8 kişi öldü, 14 kişi tutuklandı

Londra Merkezli Suriye İnsan Hakları Gözlemevi (SOHR), Suriye’de SMO gruplarının kontrol ettiği yerleşim bölgelerinde yaşanan protesto gösterilerinde en az 8 kişinin öldüğünü duyurdu. Ölenlerden 7’sinin Afrin, 1’nin ise Cerablus’ta olduğu, olaylarda en az 40 kişinin yaralandığı bildirildi. Protesto gösterilerinde Türk bayrağını yırttıkları ve yaktıkları tespit edilen 14 Suriyeli ise operasyonlar kapsamında yakalanarak tutuklandı.

“Rejimle her türlü normalleşmeye karşıyız”

Güvenliğin yeniden sağlanması sonrası bölgedeki tüm silahlı grupların askeri ve siyasi sorumluları ile Türk yetkililer arasında Halep’in Hiwar Kilis bölgesinde kapsamlı bir toplantı gerçekleştirildi.

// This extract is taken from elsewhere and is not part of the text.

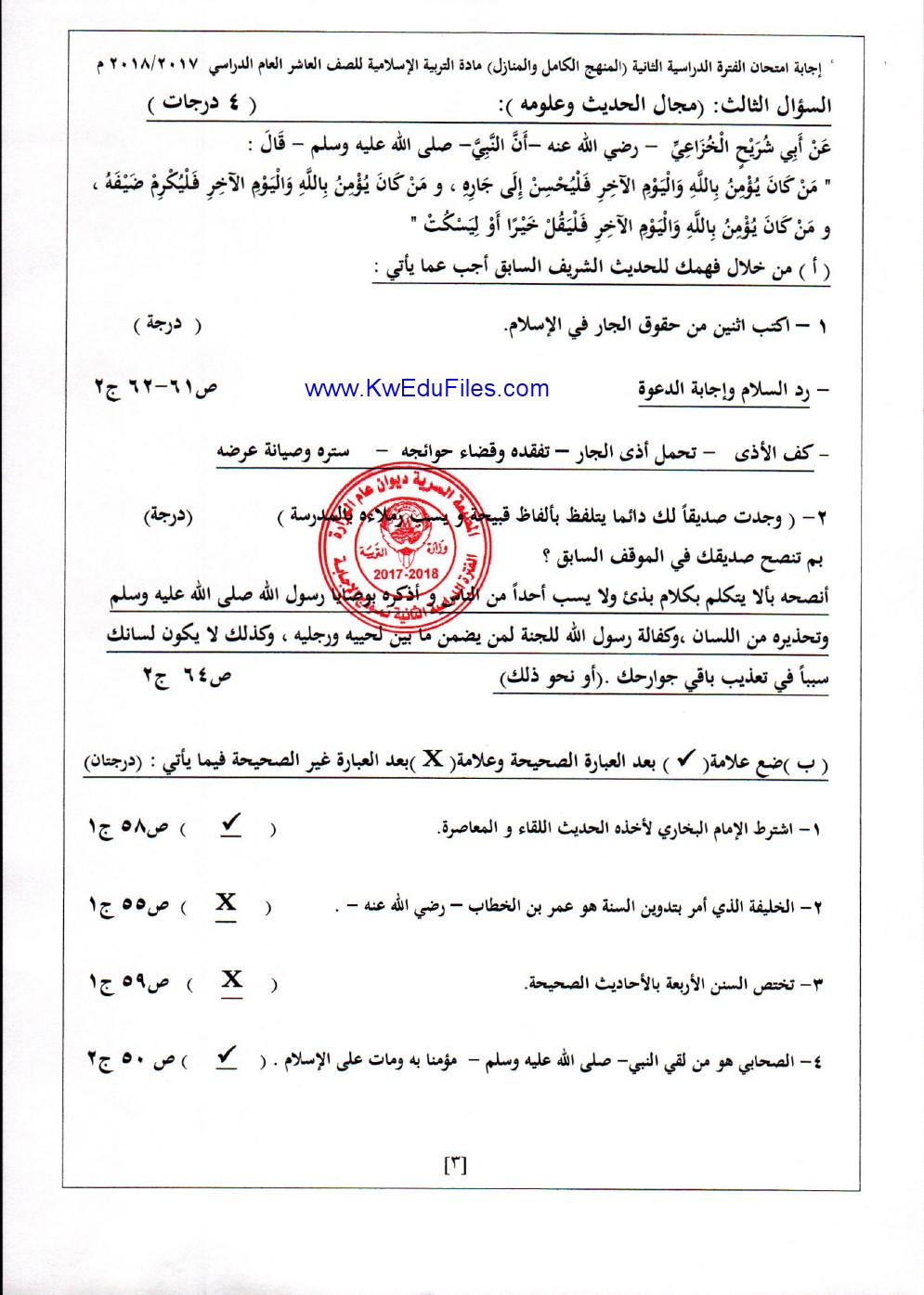 اجابة اسلامية عاشر الفترة الثانية 2018 منهج كامل ومنازل - إعداد: التوجيه الفني العام للتربية الاسلامية | ||

Görüşmelerde yaşanan olaylar, Cumhurbaşkanı Recep Tayyip Erdoğan'ın, Suriye Rejimi Devlet Başkanı

Beşar Esad'a yönelik daveti ve Suriye’nin yakın ve uzak vadede geleceğine yönelik konular ele alındı.
Suriye TV’nin haberine göre, geçtiğimiz Pazar günü gerçekleşen toplantıya Suriye Geçici Hükümeti Savunma Bakanı Hasan El Hamada, Milli Ordu İkinci Kolordu Komutanı Hasan El Hamada, Birinci Kolordu Komutanı Fahim İsa, Geçici Suriye Yönetimi Genelkurmay Başkanı Moataz, Birleşik Örgüt liderleri Muhammed Al-Jassim Abu Amsha - Saif Boulad gibi isimler ile Suriye Ulusal Ordusu’nun diğer liderleri, bölgenin ileri gelen isimleri, akademisyenler, şehir ve kasaba temsilcileri katıldı.

Talepler sıralandı

Türk yetkililerin kapsamlı bilgilendirme yaptığı toplantıda söz alan Suriye Geçici Yönetimi yetkilileri, kısa ve uzun vadedeki taleplerini sıralayarak Suriye'nin kuzeyinin rejimle her türlü normalleşmeye karşı olduğunu aktardı. Türkiye’de yaşayan Suriyeli sığınmacıların korunması için ise acil ve etkili önlem alınmasını isteyen yetkililerin, taleplerinden bazıları şöyle:

- Biz Suriyeli devrimciler, bedeli ne olursa olsun rejimle her türlü uzlaşmayı reddediyoruz. Rejimi devirme taleplerimiz yerine gelene kadar, ‘suç çetesinin’ ortadan kaldırılmasını sağlayacak siyasi bir çözüm bulunmadıkça ne Türkiye ne de başkası Suriye halkına hiçbir şey dayatamaz.

- Geçici hükümet seçimle oluşmadı. İçte ve dışta beklenen başarılı bir çalışma yapılmaması halinde Suriye halkının, tam yetkilere sahip yeni bir yönetimi seçme hakkı vardır.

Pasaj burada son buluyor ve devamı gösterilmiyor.